История архитектуры закончилась
— Почему вы, выпускник МАРХИ, решили серьезно заняться историей?
— Мне представляется это очень естественным. Дело в том, что Россия — страна архитектурная. Только не всем это видно. Если, скажем, русская литература девятнадцатого века каким-то образом востребована в мире, то наш вклад в историю архитектуры сегодня мало кому понятен. Тем не менее вклад этот очень значителен. Одно из косвенных проявлений нашего архитектурного дара — это то пространство, которое мы сумели освоить, сделать частью русского мира.
— Иногда с помощью завоеваний?
— Слова «завоевать», «подчинить», «захватить» здесь совершенно не подходят: захватить можно на короткое время, потом у тебя все равно заберут; землю нужно освоить, сделать частью своего мира. Сегодня мы этот дар потеряли и наблюдаем, как наше пространство разваливается.

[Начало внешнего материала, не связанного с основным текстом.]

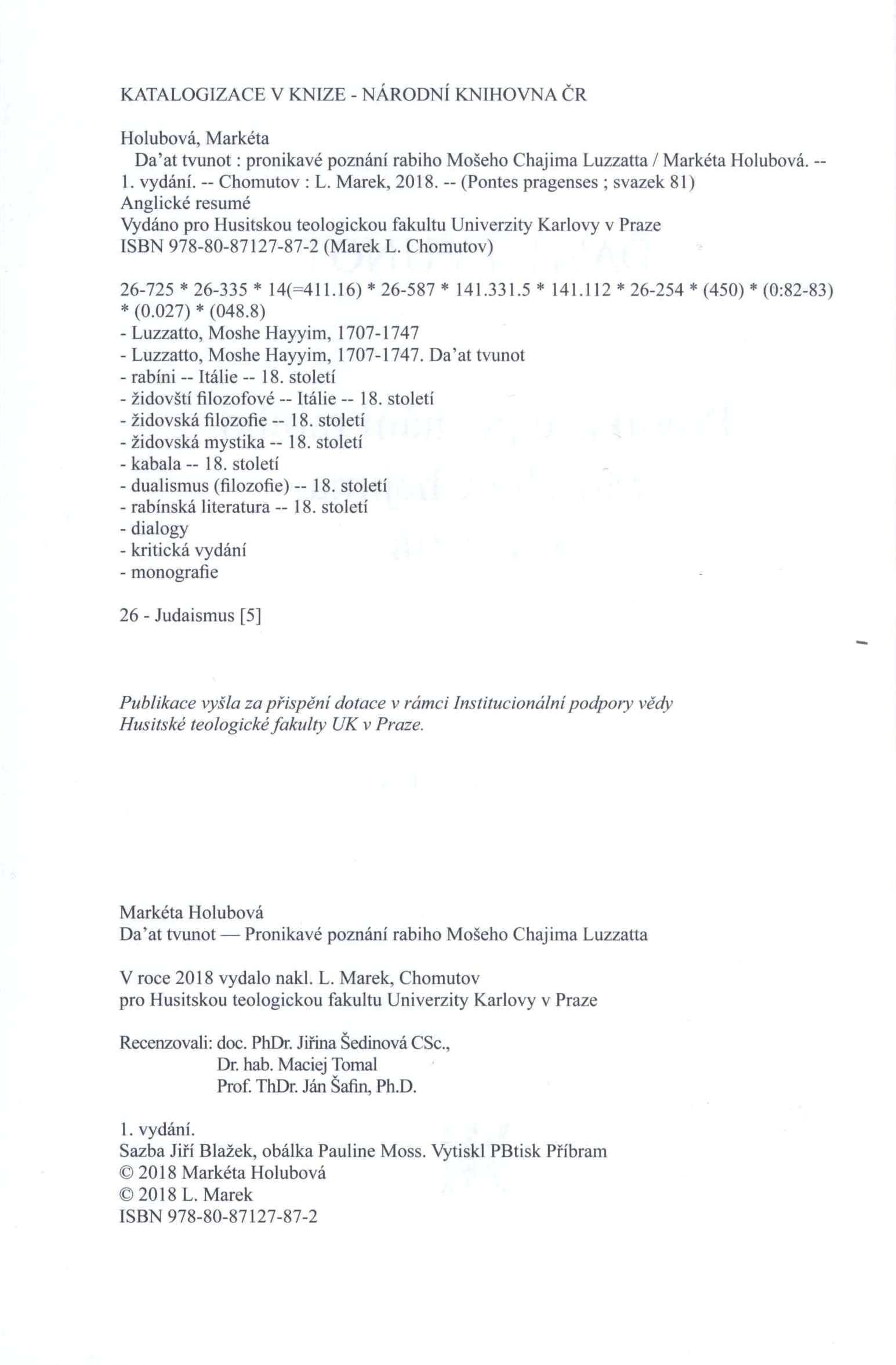 Title information Da'at tvunot : pronikavé poznání rabiho Mošeho Chajima Luzzatta / [úvodní text a překlad] Markéta Holubová ; obálka Pauline Moss Personal name Luzato, Moše Chajim, 1707-1747 (Author) Další autoři Holubová, Markéta, 1974- (Author of introduction) (Translator) Luzato, Moše Chajim, 1707-1747. Da'at tvunot Luzato, Moše Chajim, 1707-1747. Da'at tvunot. Česky Moss, Pauline (Bookjacket designer) Corporation Univerzita Karlova. Husitská teologická fakulta (Publisher) L. Marek (nakladatelství) (Publisher) PBtisk (tiskárna) (Printer) Edition statement 1. vydání Publication Chomutov : L. Marek pro Husitskou teologickou fakultu Univerzity Karlovy v Praze, 2018 Manufacture Příbram : PBtisk Scope 397 stran ; 22 cm ISBN 978-80-87127-87-2 (L. Marek ; vázáno) Edition Pontes pragenses ; svazek 81

Когда я еще учился в архитектурном институте (конец 1970-х годов), я часто бывал в Тарусе. Сегодня она изуродована новорусским пространственным хулиганством и смотреть там нечего, а в те времена этот городок на Оке был потрясающе красив. Хотя там не было ни одного шедевра, только обезглавленные, изуродованные собор и Воскресенская церковь. Но город, с его деревянными домами, заборами, поросшими травой улицами, которые незаметно растворялись в оврагах и березовых рощах, не оставлял равнодушным. В нем была какая-то невероятная прелесть, такая пронзительная красота, что я стал размышлять: а как возник этот мир? Так появилась ниточка, которая, в конце концов, через много лет привела к тому, что вот я стал заниматься историей русской культуры.
— Интересно, а что скажет нашим потомкам история нынешней отечественной архитектуры?
— История архитектуры закончилась. Сейчас практически нет того искусства, которое с помощью пластических либо пространственных образов транслировало человеку какие-то смыслы. Вместо содержательной насыщенности настоящей архитектуры сегодня мы имеем нечто, подходящее под разряд строительного дизайна, необходимого нам как прочие удобные в хозяйстве вещи: ложки, стулья… Следует это признать и не обманываться, что если сегодня строятся здания, то они имеют отношение к архитектуре.
— Наверное, поэтому, если постоянно находиться в городских «спальных» районах, начинает казаться, что сходишь с ума?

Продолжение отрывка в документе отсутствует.